## INFORMATION SHOWN:
+===+

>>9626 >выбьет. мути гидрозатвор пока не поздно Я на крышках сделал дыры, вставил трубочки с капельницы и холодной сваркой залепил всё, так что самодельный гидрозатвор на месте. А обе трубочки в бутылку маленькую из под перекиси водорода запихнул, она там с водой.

+===+

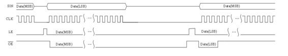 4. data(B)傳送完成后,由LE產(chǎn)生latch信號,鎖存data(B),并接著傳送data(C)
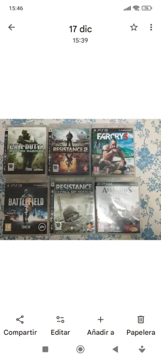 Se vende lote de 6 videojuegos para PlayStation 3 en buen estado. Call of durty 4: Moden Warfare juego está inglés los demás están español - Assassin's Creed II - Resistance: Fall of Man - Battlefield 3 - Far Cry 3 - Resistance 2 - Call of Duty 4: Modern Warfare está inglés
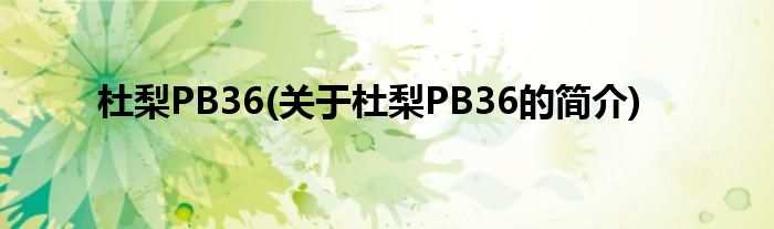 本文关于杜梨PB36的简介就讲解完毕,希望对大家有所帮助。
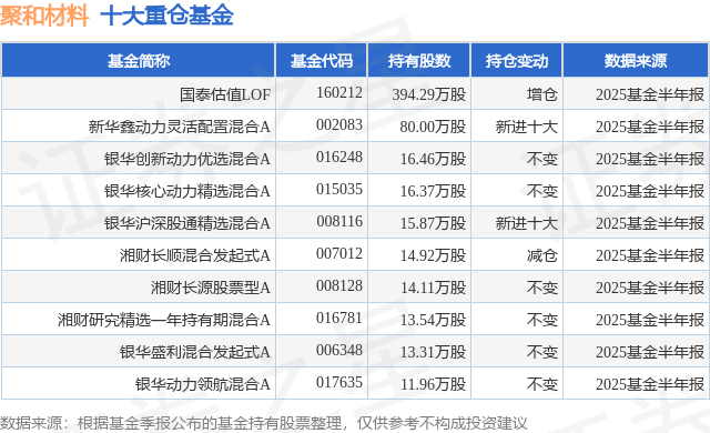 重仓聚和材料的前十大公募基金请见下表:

+===+

Within the listing above, write out the stretch from the line with "Se vende lote" through the line with "本文关于杜梨PB36的简介就讲解完毕,希望对大家有所帮助。" exactly. Any pictures are to be left out.

## TASK SOLUTION:
 Se vende lote de 6 videojuegos para PlayStation 3 en buen estado. Call of durty 4: Moden Warfare juego está inglés los demás están español - Assassin's Creed II - Resistance: Fall of Man - Battlefield 3 - Far Cry 3 - Resistance 2 - Call of Duty 4: Modern Warfare está inglés
 本文关于杜梨PB36的简介就讲解完毕,希望对大家有所帮助。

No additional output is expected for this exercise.